La piccola si strinse al padre in un subitaneo slancio di confidenza, vedendo quella signora sconosciuta ma dalla voce gentile che le sorrideva.
Cinque anni e alta per la sua età, con un serio visetto ovale di un bianco
cremoso patinato al sole. Avanzò nella sbarra splendente e si accese come
la fiamma di una candela, perché i capelli intorno al viso e lunghi fino alle
spalle erano di puro oro scuro e lunghe ciglia dorate le frangiavano gli occhi di un azzurro scuro. Piegò leggermente un ginocchio in una sorta di riverenza, senza staccare lo sguardo luminoso e incuriosito dal viso di Judith. E di colpo, sparita ogni esitazione, sorrise, alzando il volto per il bacio che si poteva ricevere da una persona grande già accettata.

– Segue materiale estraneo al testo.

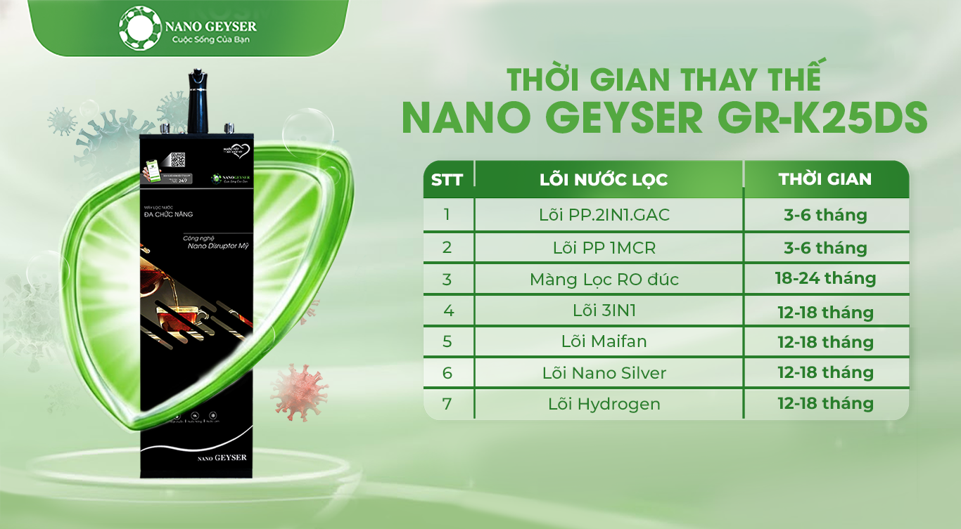 Để duy trì hiệu suất lọc tối ưu và đảm bảo chất lượng nước luôn đạt chuẩn uống trực tiếp, việc thay lõi lọc đúng định kỳ là vô cùng quan trọng. Mỗi lõi trong hệ thống máy lọc nước Nano Geyser đảm nhận một chức năng riêng biệt — từ loại bỏ tạp chất, hấp phụ hóa chất đến diệt khuẩn và tái khoáng. Vì vậy, tuân thủ lịch thay lõi không chỉ giúp kéo dài tuổi thọ máy mà còn đảm bảo nguồn nước tinh khiết, an toàn cho sức khỏe cả gia đình.

Fu come se avesse messo la sua minuscola mano dentro il petto di Judith
e stretto forte il cuore che aveva fame da anni di un simile frutto. Judith si
chinò ad abbracciarla, mentre le salivano le lacrime agli occhi. La bocca
della piccina era morbida, fresca e dolce. Aveva portato lei la rosa durante
il tragitto attraverso la città e odorava ancora del suo profumo. Non aveva
niente da dire, non ancora, era troppo occupata a osservare e ammirare la
stanza e la signora. Avrebbero chiacchierato più tardi, quando avrebbero
preso confidenza l'una con l'altra.
Niall abbassò gli occhi a guardarla, con un sorriso pensieroso. «È stato
padre Adam a scegliere il suo nome», spiegò. «Un nome insolito... si
chiama Rosalba.»
«Come vi invidio!» mormorò Judith, come aveva già fatto una volta.

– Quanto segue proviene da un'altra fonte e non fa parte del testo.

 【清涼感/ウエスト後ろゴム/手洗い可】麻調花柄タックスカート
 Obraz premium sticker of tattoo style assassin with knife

Si era creato di nuovo un lieve imbarazzo tra di loro, riusciva difficile a
entrambi trovare qualcosa da dire. Si era parlato così poco, in quell'incontro, e con tanto ritegno! Niall riprese la mano della figlioletta e la trasse
fuori dalla sbarra di luce, verso la porta, lasciando Judith con la rosa can-
dida, ancora illuminata dal sole, stretta al petto. L'altra rosa bianca, Rosalba, si mosse per uscire, ma poi girò la testa sorridendo di nuovo, un sorriso
di commiato.
«Su, pulcino, torniamo a casa. La nostra commissione l'abbiamo fatta,
ormai.»
Se ne sarebbero andati, tutti e due, e non vi sarebbero più state rose da
portare, più pigioni da pagare il giorno della festa di santa Winifred. E se
andavano via, forse non vi sarebbe mai stato un altro momento come quello, non sarebbero mai più stati tutti e tre insieme, nella stessa stanza.
Avevano raggiunto la porta quando Judith mormorò di slancio: «Niall...»

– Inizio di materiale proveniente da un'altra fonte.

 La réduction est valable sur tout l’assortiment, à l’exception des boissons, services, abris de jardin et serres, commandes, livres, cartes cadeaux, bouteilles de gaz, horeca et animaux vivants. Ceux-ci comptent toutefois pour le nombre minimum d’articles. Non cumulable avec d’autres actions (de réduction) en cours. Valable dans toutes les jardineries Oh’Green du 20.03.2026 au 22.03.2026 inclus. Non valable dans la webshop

Lui si voltò, illuminandosi a un tratto, e la vide là, ritta nel sole, il viso
bianco e sbocciato come la rosa.
«Non andate via, Niall!» Aveva trovato finalmente le parole giuste, al
momento giusto. Gli disse ciò che gli aveva sussurrato nel cuore della notte, davanti alla porta del Godric's Ford.
«Oh, vi prego, non lasciatemi adesso!»